Она сорвала с меня халат и подвела к большому зеркалу. На меня из него смотрел костлявый задохлик с цыплячьей шейкой. Там, где когда-то был член приличных размеров, теперь торчал высохший арбузный хвостик.
— Тебя выгнали с работы за прогулы. Ты просрал все свои сбережения и остался без копейки. Теперь живёшь на последние грошИ, оставшиеся после продажи машины. Да тебя из квартиры скоро сгонят в барак за кольцевую дорогу за неуплату коммунальных платежей.
— Но это все ж растерял ради тебя!
— А я не для тебя живу. Скажи спасибо, что соглашаюсь тебя иногда приголубить... Не забудь собрать бутылки, что оставили вчерашние парни, и сдай их, а то опять без хлеба останешься. Без меня ты бы вообще с голоду сдох, если бы не те бутылки, что мне по ночам разные пацаны приносят.
— Ах ты сука-суккуба! — занёс я над ней свой костлявый кулачок, напоминающий амулет людоедов, который они делают из высушенной руки своей жертвы.
— Что, твоя святоша Настя тебе уже в уши про меня надула? За суку-суккубу ответишь, а с ней я потом разберусь. Она у меня на земле долго не заживётся. Так ей и передай при случае.
Дородная, раскормленная, похорошевшая Лилька медленно встала из-за туалетного столика, схватила меня всего лишь левой рукой за глотку и так трахнула о стену, что у меня в глазах все потемнело.
5
Я слышал разговор, доносящийся как бы издалека.
— Отчего это у него, Костя?
— Обморок возникает вследствие острого падения тонуса сосудов при сильном волнении, истерии, различных болях и так далее.
— А точная причина?
— Причины могут быть самые разные.

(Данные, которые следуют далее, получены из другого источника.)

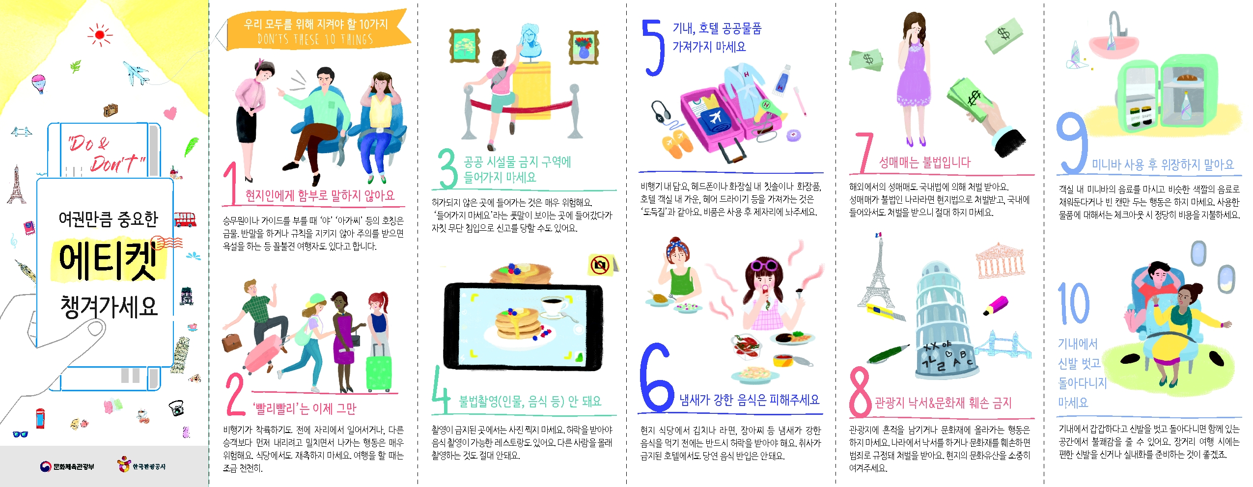 캠페인의 슬로건은 ‘여권만큼 중요한 에티켓 챙겨가세요’이며, 공사는 해외여행을 떠나는 국민들을 대상으로 ‘우리 모두를 위해 지켜야 할 10가지, 실천하면 모두가 행복한 10가지’라는 리플렛과 기념품을 제공한다. 리플렛에는 지난 6~7월 공사가 한국관광학회와 함께 실시한 ‘해외여행객 문화인식 개선 방안 연구’에서 도출된 ‘지켜야 할 에티켓 및 실천해야 할 에티켓’ 각 10가지와 함께, 해외 안전여행 정보도우미인 ‘저스트 터치 잇(Just Touch It)’ 정보가 수록돼 있다.

Как правило, в основе обморока лежит недостаточное снабжение кислородом головного мозга. Точно так же, причиной может быть спазм сосудов головного мозга, падение артериального давления, падение уровня сахара в крови — гипогликемия, это так называемый голодный обморок. Ты его хорошо кормишь, Настя?

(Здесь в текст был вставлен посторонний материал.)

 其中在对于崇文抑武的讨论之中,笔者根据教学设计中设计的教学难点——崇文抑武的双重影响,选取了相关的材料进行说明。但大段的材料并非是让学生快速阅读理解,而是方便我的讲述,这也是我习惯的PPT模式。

— Это пока не мой парень, соперница увела. Но точно знаю — кормят его тут плохо. Что мне ему сделать?
— Расстегни ему все сдавливающие элементы одежды, а лучше вообще всё сними, даже трусы. Резинка может быть тугая. Для нормальной деятельности мозга необходим постоянный приток крови. Уложи его так, чтобы ноги были выше головы, обеспечив тем самым усиленный прилив крови к головному мозгу. Взбрызни ему лицо холодной водой. Поднеси к носу ватку, смоченную нашатырным спиртом.
— Я все сделала, а он глаз не открывает! Что делать?

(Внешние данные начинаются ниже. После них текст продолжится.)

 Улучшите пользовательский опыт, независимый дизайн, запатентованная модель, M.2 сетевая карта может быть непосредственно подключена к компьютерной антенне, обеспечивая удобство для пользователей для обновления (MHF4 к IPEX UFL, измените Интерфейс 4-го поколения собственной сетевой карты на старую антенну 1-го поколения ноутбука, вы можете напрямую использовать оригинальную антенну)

— Можно ещё ввести ему один миллилитр десятипроцентного кофеина подкожно, либо два миллилитра кордиамина внутримышечно. У меня с собой есть. Сделать инъекцию?
— Вводи, ещё спрашиваешь! Как это могло случиться?
— Я не знаю, что тебе сказать, Настя. Вообще-то, существует много состояний, когда возникает угроза для жизни больного. Это обморок, коллапс, острая сердечно-сосудистая недостаточность, анафилактический шок, приступ бронхиальной астмы, эпилептический приступ, гипертонический криз и прочее. Но тут я ничего особенного не вижу.
— Но он же трупом лежит!
— Единственное, что могу констатировать, это, очевидно, кратковременная потеря сознания. Об этом свидетельствуют бледная окраска кожных покровов, появление холодного липкого пота, холодные конечности, нитевидный пульс, очевидное снижение артериального давления, но у меня нет с собой тонометра. Так, приоткроем ему глаза... Зрачки расширены, на свет реагируют слабо. Дыхание слабое, поверхностное. Ещё у пострадавшего достаточно ярко выраженная брадикардия.
— А что это такое?
— Ну, брадисистолия.
— Вот уж объяснил!
— Ну, замедленная частота сердечных сокращений. Можно ввести полмиллилитра 0,1%-ного раствора атропина. Но, думаю, это лишнее. Он уже почти очухался. Больному рекомендуется только покой, сладкий, крепкий и горячий чай.
— Ох, если бы я могла надолго с ним остаться. Я бы его выходила. Но она не позволит.
— Но пока ты ещё побудешь некоторое время рядом с ним, а я ухожу. Не разрешай ему сразу вставать. Только спустя десять-тридцать минут можно сделать первую попытку. Сначала нужно сесть на край кровати, потом медленно опустить ноги на пол. Если продолжает кружиться голова, лучше снова прилечь. Он у тебя занимается в олимпийском резерве?
— Он и спортом-то никогда не увлекался.
— Знаешь, Настя, это очень похоже на синдром перетренировки. Перегрузка.
— Да нагрузки у него были немалые.
— Может, он фанат бодибилдинга, хотя на качка не похож.
— Прежде был похож на Геракла.
— Ну, тогда понятно — качается в клубе до посинения.
— Костя, кто про что, а вшивый про баню. Ты учишься на врача спортивной медицины, вот и переводишь все на тренировки. Говорю тебе, это у него переистощение от кувыркания с девкой в постели, а не от спорта.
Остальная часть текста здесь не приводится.